Q: Memory in my trace is changing, but there are no writes to the region. Is this a bug!?
- A: Your log file may not have captured all memory writes. For example, usermode DBI generally do not get a memory callback for external writes to process memory. This is most common when reading from a file, or from socket -- it is the kernel that writes memory into your designated usermode buffer, making the event invisible to traditional instrumentation.
- Microsoft TTD generally exhibits the same behavior, it's tricky to solve without modeling syscalls.
Q: Will this be ported to Binary Ninja / Ghidra / ... ?
- A: Possibly, but not anytime soon (unless there is significant incentive). As a research oriented project, the driving motivation is on developing novel strategies to organize and explore program execution -- not porting them.

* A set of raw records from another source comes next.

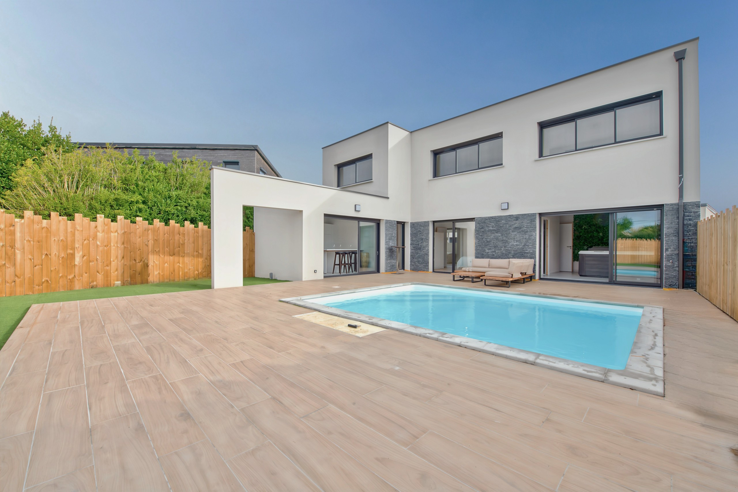 Bienvenido a Plouguerneau en esta villa completamente nueva diseñada para unas vacaciones con todo tipo de comodidades. Disfrutará de un gran jardín con piscina climatizada, amplia terraza equipada, jacuzzi y terreno de petanca privado, así como de una segunda terraza en la planta superior que ofrece una espléndida vista al mar. La playa se encuentra a solo 800 metros y el pueblo con sus comercios a 2 km. Completamente equipada, la casa puede acoger cómodamente hasta 9 viajeros.
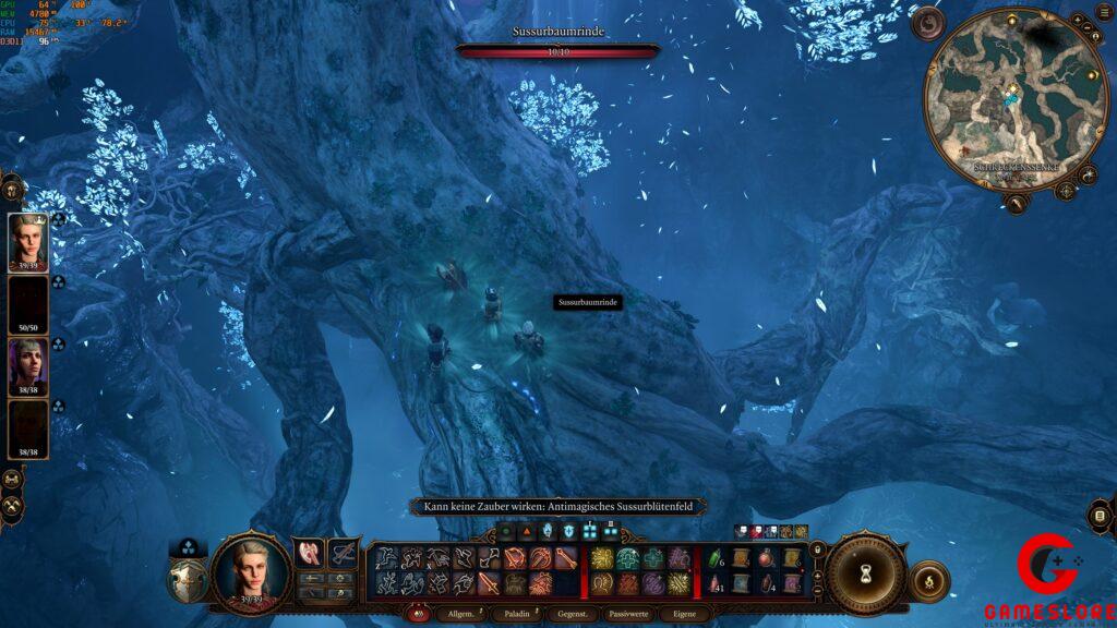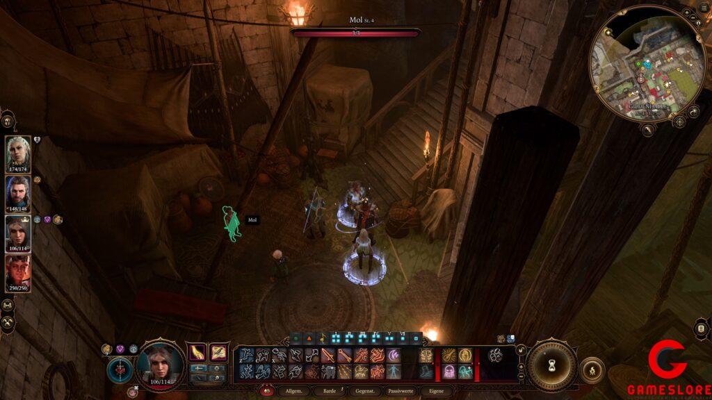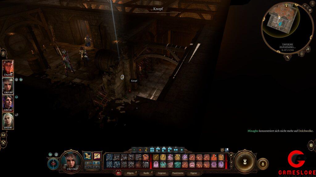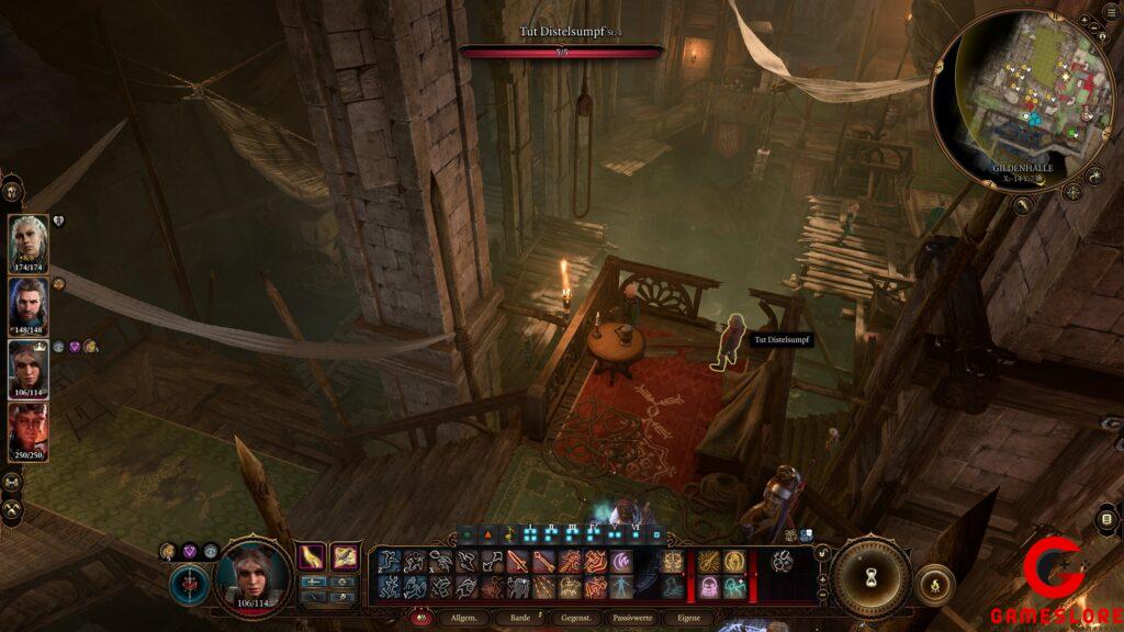 Dieser versucht recht zügig zu fliehen und ihr folgt ihm in die Tiefe. Doch bevor ihr ihm folgt, solltet ihr noch die Quest „Hebe den Schattenfluch“ vorantreiben. Hierfür benötigt ihr dringend Halsin, der euch auch einen ersten Hinweis zu Thaniel gibt, der den Schattenfluch aufheben kann. Im letzten Gasthaus gibt es eine Person, die rechts im Gebäude auf einem Bett liegt und vor sich hin summt.
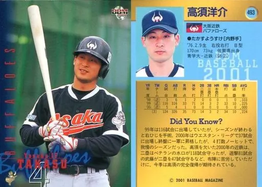 BBM / Regular Card / BBM2001 Baseball Card 493 : Yosuke Takasu' Osaka Kintetsu Buffaloes'
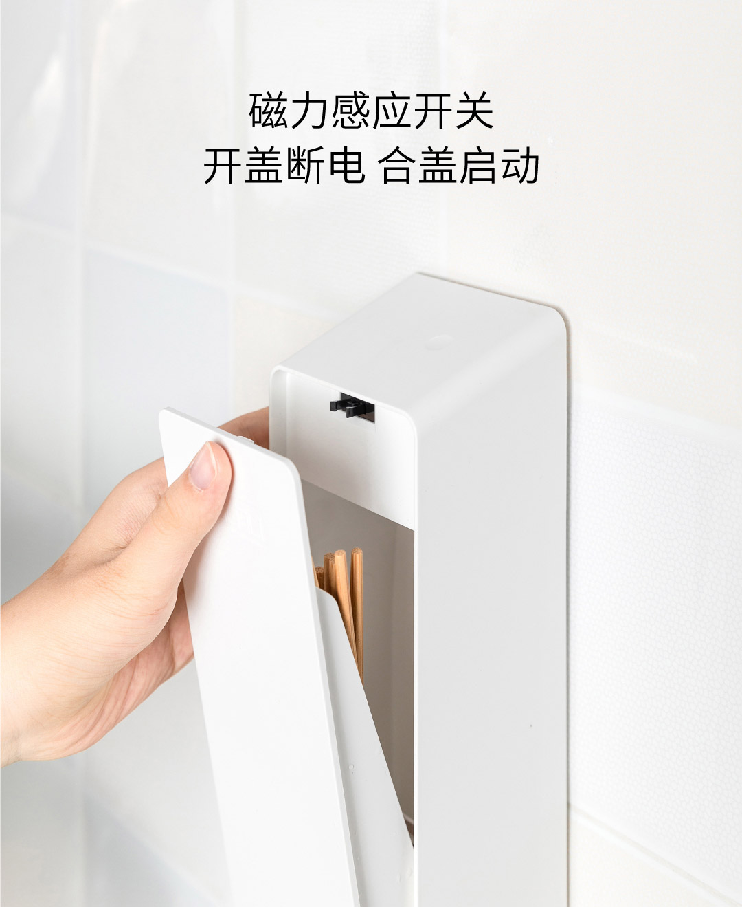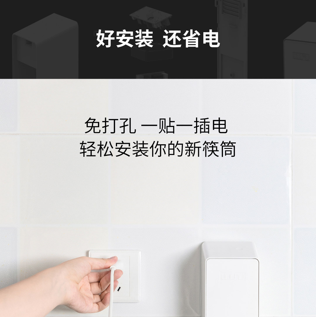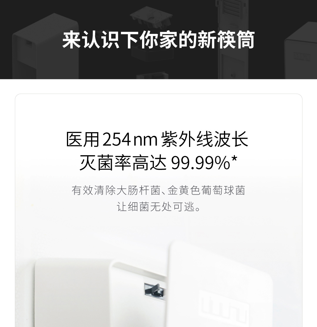 六竖免打孔智能杀菌收纳筷筒/小型筷子消毒机 白色
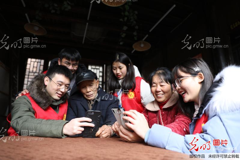 2020年12月4日,永州市零陵区柳子街社区,大学生志愿者在教老人用手机刷抖音视频。
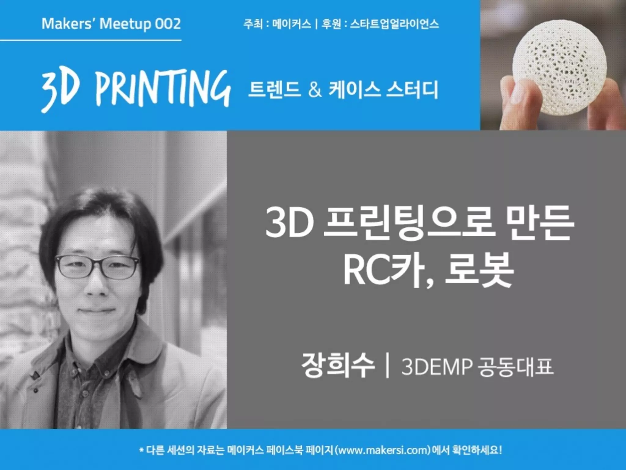 3D 프린팅으로 만드는 RC카, 로봇 - 장희수 (3DEMP) 메이커스에서 주최한 3D 프린팅 트렌드 및 케이스 스터디 세미나 발표 자료입니다. 더 많은 자료는 메이커스 페이스북 페이지(www.makersi.com)에서 확인 가능합니다.
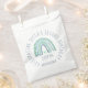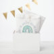 Célébrez l'anniversaire de votre petit avec cette jolie illustration de l'arc-en-ciel boho avec un coeur mignon dans les tons vert menthe et bleu avec un nom personnalisable.
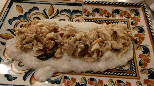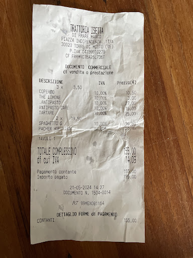 Read morePranzo da DIMENTICARE!!! Abbiamo ordinato un antipasto misto caldo per due caricandoci ad insaputa una porzione di capesante extra. Era moltissimo tempo che non mi capitavano delle cose così imbarazzanti, gamberi in saor vecchi, duri come plastica, poi c’erano dei calamari riciclati da un fritto camuffati con il saor; fetta di polenta con il baccalà sopra, freddo e credo riscaldato con un cucchiaio di acqua perché da altro non sapeva. Tentacoli di piovra da tralasciare, gommosi, stagionati e senza gusto. Poi abbiamo chiesto una tartare di manzo al naturale con soltanto un tuorlo d’uovo al fianco per la bambina, è arrivata con 3 finger-food osceni di plastica neri da catering con tuorlo d’uovo, senape e un mix di Tabasco e worchestershire. Spaghetti con gli zotoi, immangiabili! Senza sugo, l’unico gusto era quello di acciughe che sinceramente sugli zotoi non so cosa ci facciano!!! Reginette capesante, erbe spontanee ed asparagi, sono arrivate con gamberi ed asparagi senza nemmeno avvisare dopo averle assaggiate la mia compagna le ha lasciate perché la pasta era stracotta e il sugo non rispecchiava quello ordinato; sotto il punto di vista che il gambero è un allergene bisognerebbe prima avvisare ciò che si serve. Servizio pessimo, la signora che ha preso l’ordine non sapeva la composizione di nessun piatto, l’altra ragazza ci ha portato l’antipasto da condividere “lanciando” i piatti di servizio ad ognuno…abbiamo ordinato due volte e a due persone diverse l’acqua senza mai arrivare, al momento del conto dopo aver fatto presente il tutto la signorina era pure scocciata per un totale di 155€ Non si sa mai chi si ha di fronte e una volta su dieci qualcuno metta a nudo tutto ciò che la gente non del mestiere non...
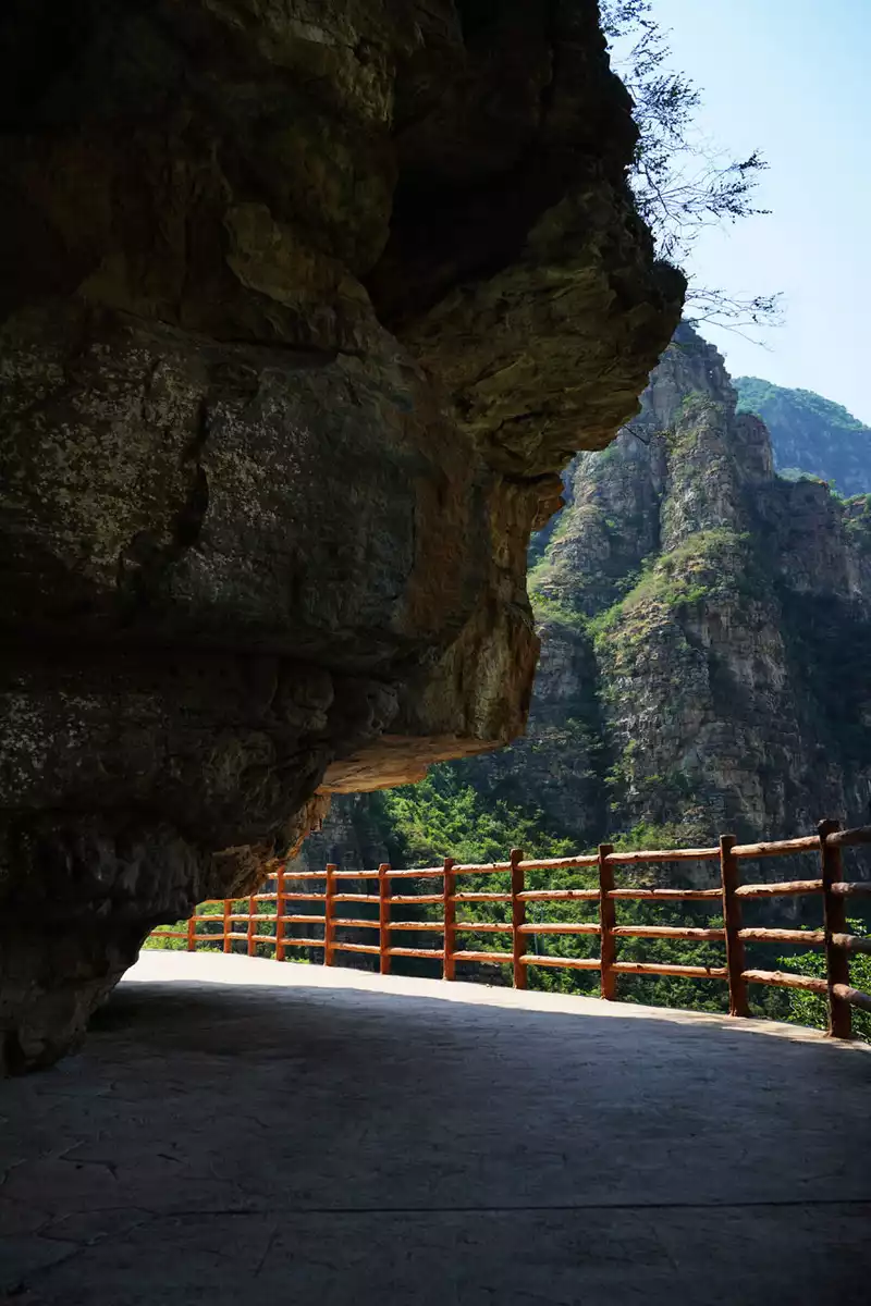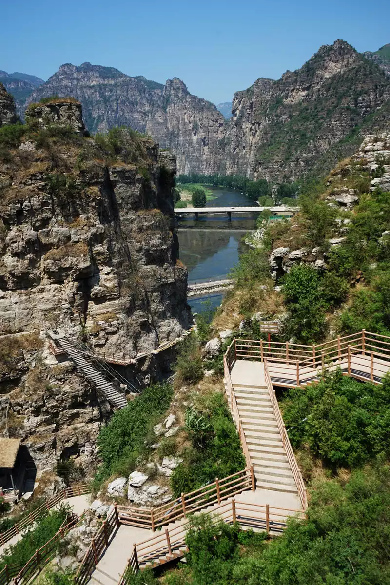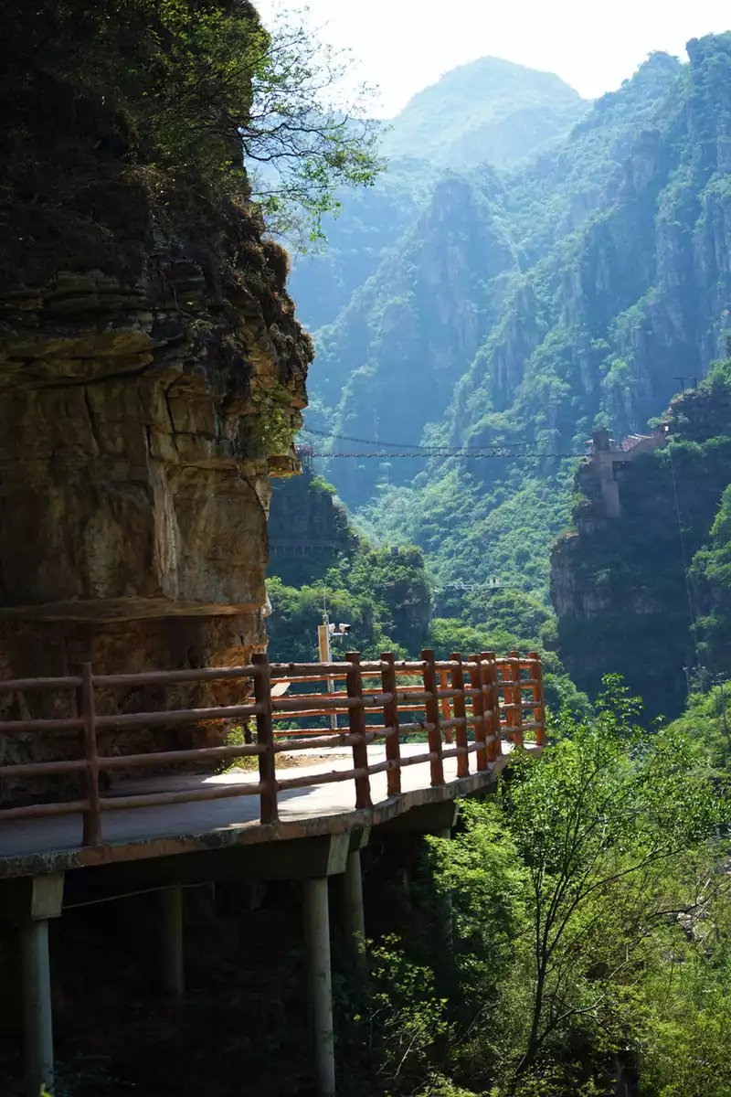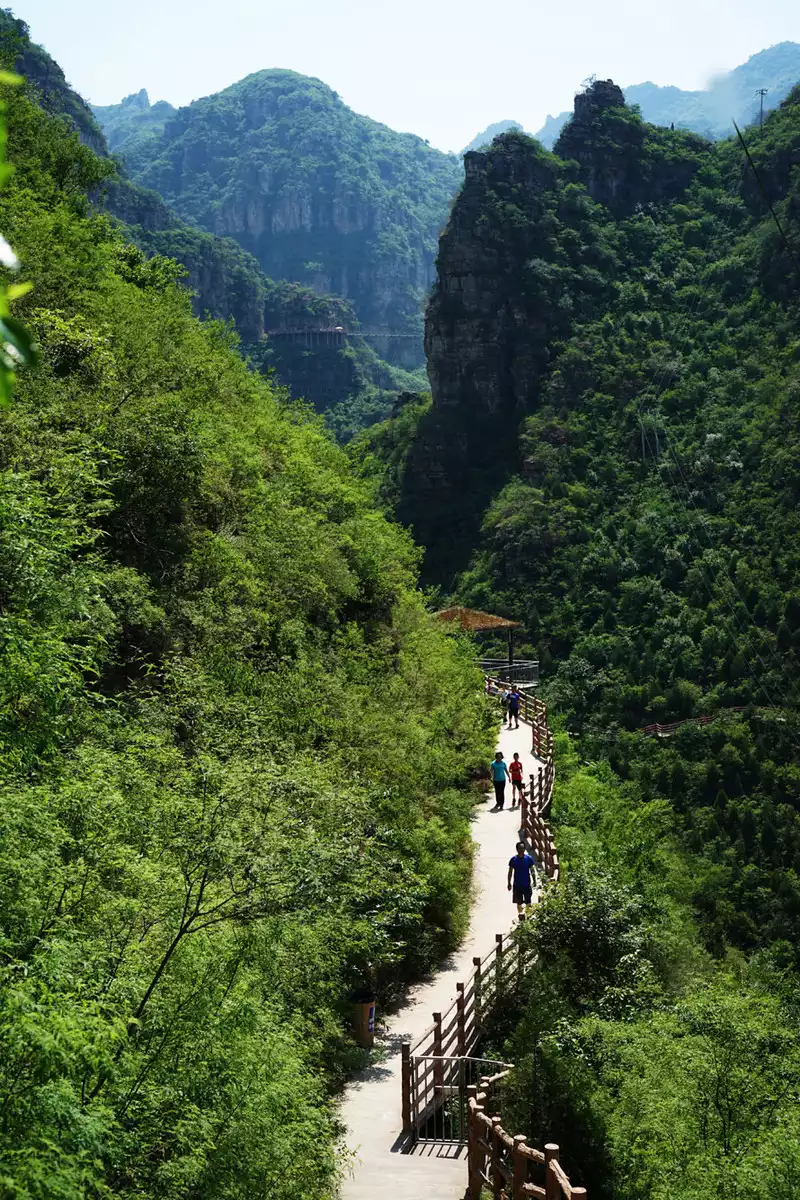 We put on shoe covers at the entrance and then stepped onto this glass plank road which is said to be the longest, most dangerous, most thrilling and with the largest drop in height in North China. You know what? Walking on it does feel a bit unsettling. Looking up, you're greeted by peaks and white clouds, while looking down, you're faced with the abyss, the Juma River reduced to a narrow stream. Putting aside the fear, the view is filled with scenery: towering mountains and forests, a gentle breeze. Honestly, I didn't encounter any male tourists who cried out in fear on the glass plank road, but some people do walk very cautiously.
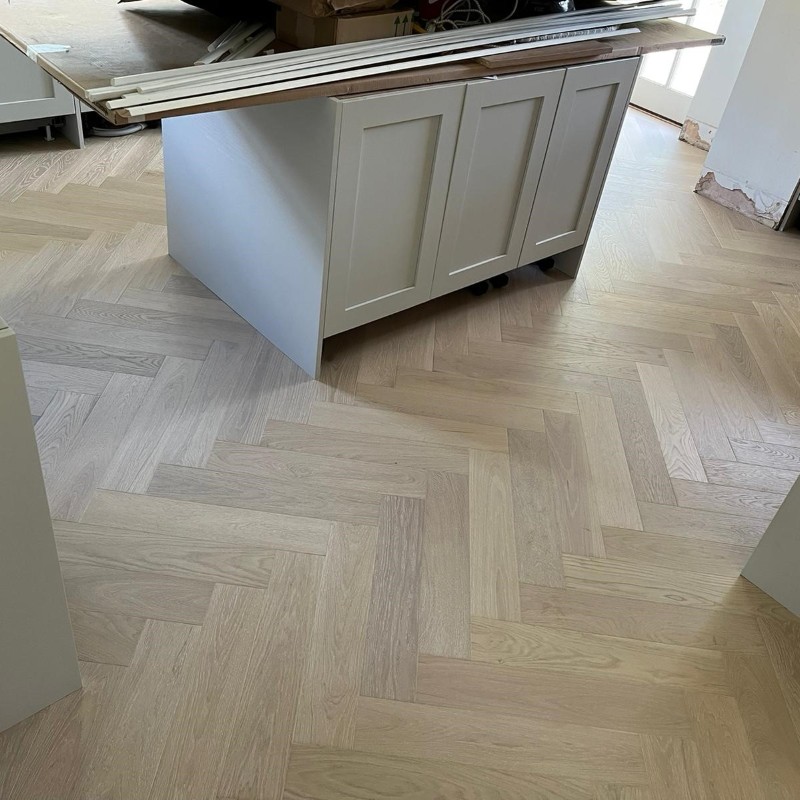 Its engineered construction ensures long‑term stability, while the herringbone pattern adds timeless elegance suitable for both modern and traditional spaces.

Q: My organization would like to support this project, how can we help?
- A: Without funding, the time I can devote to this project is limited. If your organization is excited by the ideas put forth here and capable of providing capital to sponsor dedicated R&D, please contact us.
Future Work
Time and motivation funding permitting, future work may include:
- Filtering / coagulating library calls from traces
- Pointer analysis (e.g. annotations) for the register / stack views
- Native TraceFile & TraceReader implementations (e.g. bigger and faster traces)
- Navigation history + bookmarks view (maybe 2-in-1?)
- Richer trace informatics, more aggressive indexing of relevant events (e.g. function calls)
- Trace cartography, improved summarization and representation of trace geography
- Make the 'cpu architecture' selection/detection slightly less hardcoded
- More out-of-the-box tracing bridges, DynamoRIO, TTD, RR, QEMU, Bochs, ...
- Support for Hex-Rays / decompiled views (besides basic view sync)
- Improved workflow for automatically loading or iterating on traces
- Differential analysis, high level 'trace diffing'
- Better navigation and breakdown of threads, quantum's
- Better support for navigating 'multi module' traces (e.g. full system traces)
- Binary Ninja support
- ... ?
I welcome external contributions, issues, and feature requests. Please make any pull requests to the develop
branch of this repository if you would like them to be considered for a future release.